Author:

Keywords:

Science & Technology, Life Sciences & Biomedicine, Physical Sciences, Biochemistry & Molecular Biology, Chemistry, Medicinal, Chemistry, Organic, Pharmacology & Pharmacy, Chemistry, Biofilm inhibition, Dimers, 2-Aminoimidazoles, Microwave assisted synthesis, PSEUDOMONAS-AERUGINOSA BIOFILMS, SURFACE ACOUSTIC-WAVES, SALMONELLA-TYPHIMURIUM, ONE-POT, INFECTIONS, INHIBITORS, 2-AMINOIMIDAZOLES, TOXICITY, PROMOTER, ANALOGS, Anti-Bacterial Agents, Biofilms, Biological Products, Dimerization, Dose-Response Relationship, Drug, Escherichia coli, Imidazoles, Microbial Sensitivity Tests, Microwaves, Molecular Structure, Pseudomonas aeruginosa, Salmonella typhimurium, Staphylococcus aureus, Structure-Activity Relationship, 0304 Medicinal and Biomolecular Chemistry, 0305 Organic Chemistry, 1115 Pharmacology and Pharmaceutical Sciences, Medicinal & Biomolecular Chemistry, 3101 Biochemistry and cell biology, 3404 Medicinal and biomolecular chemistry, 3405 Organic chemistry

Abstract:

The increased tolerance of biofilms against disinfectants and antibiotics has stimulated research into new methods of biofilm prevention and eradication.

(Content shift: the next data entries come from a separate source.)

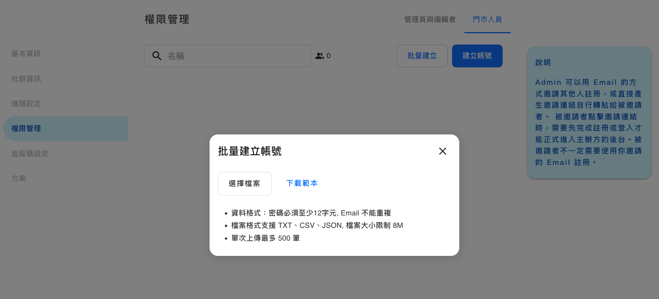 若品牌擁有多間門市,可一次性批量為各據點門市人員統一建立帳號,大幅提升管理效率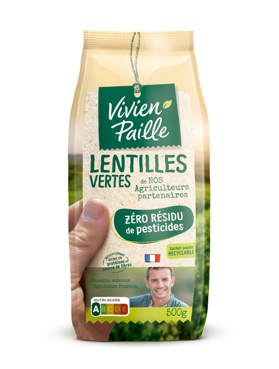 Paille dévoile ainsi la première lentille verte zéro résidu de pesticides, issus de ses agriculteurs partenaires, dans un sachet en papier recyclable.
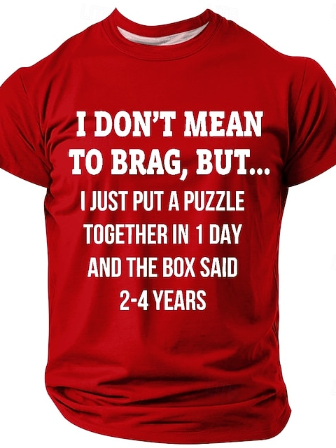Men's I Don't Mean To Brag, But I Put A Puzzle Together In 1 Day & The Box Said 2-4 Years Sarcastic T-shirt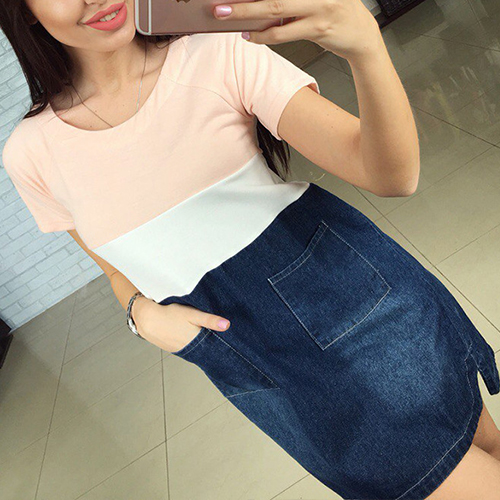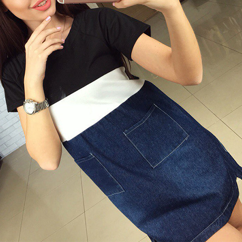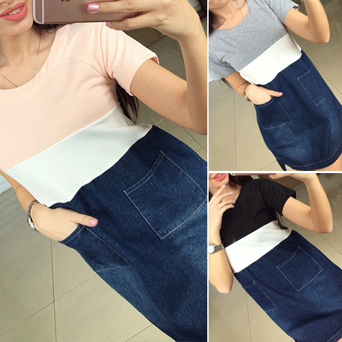 This dress features unique design. It is outfitted with spliced denim design and round neck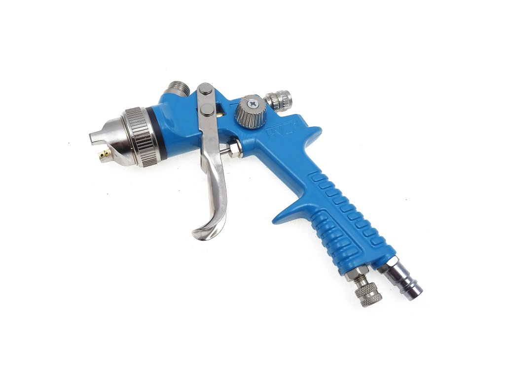 Stříkací pistole s horní nádobkou disponuje možností plynulé regulace nanášené barvy a přívodního vzduchu, umožňuje tak redukovat spotřebu a díky tomu je pracovní prostředí zdravější a nanášení barvy hospodárnější. Těchto předností je dosaženo díky systému „HVLP“ – velký objem vzduchu při nízkém tlaku, který umožňuje barvení při konstantním tlaku a objemu vzduchu. Vzduchová stříkací pistole 120ml umožňuje využití horizontálního, vertikálního či kruhového stříkacího rozptylu pouhým přetočením trysky, čímž se barva nedostane kam nemá.

In our previous work, we have identified the 5-aryl-2-aminoimidazole core as a scaffold that demonstrates preventive activity against biofilm formation of a broad range of bacterial and fungal species. Inspired by the dimeric nature of natural 2-aminoimidazoles of the oroidin family, we investigated the potential of dimers of our decorated 5-aryl-2-aminoimidazoles as biofilm inhibitors. A synthetic approach towards 2-aminoimidazole dimers linked by an alkyl chain was developed and a total of 48 dimers were synthesized. The linkers were introduced at two different positions, the N1-position or the N2-position, and the linker length and the substitution of the 5-phenyl ring (H, F, Cl, Br) were varied. Although, no clear correlation between linker length and biofilm inhibition was observed, a strong increase in anti-biofilm activity for almost all N1,N1'-linked dimers was obtained, compared to the respective monomers against Salmonella Typhimurium, Escherichia coli and Staphylococcus aureus. The N2,N2'-linked dimers, having a H- or F-substitution, were also found to show a strong increase in anti-biofilm activity compared to the respective monomers against these three bacterial species and against Pseudomonas aeruginosa. In addition, the obtained growth measurements suggest a broad concentration range with specific biofilm inhibition and no effect on the planktonic growth against Salmonella Typhimurium and Pseudomonas aeruginosa.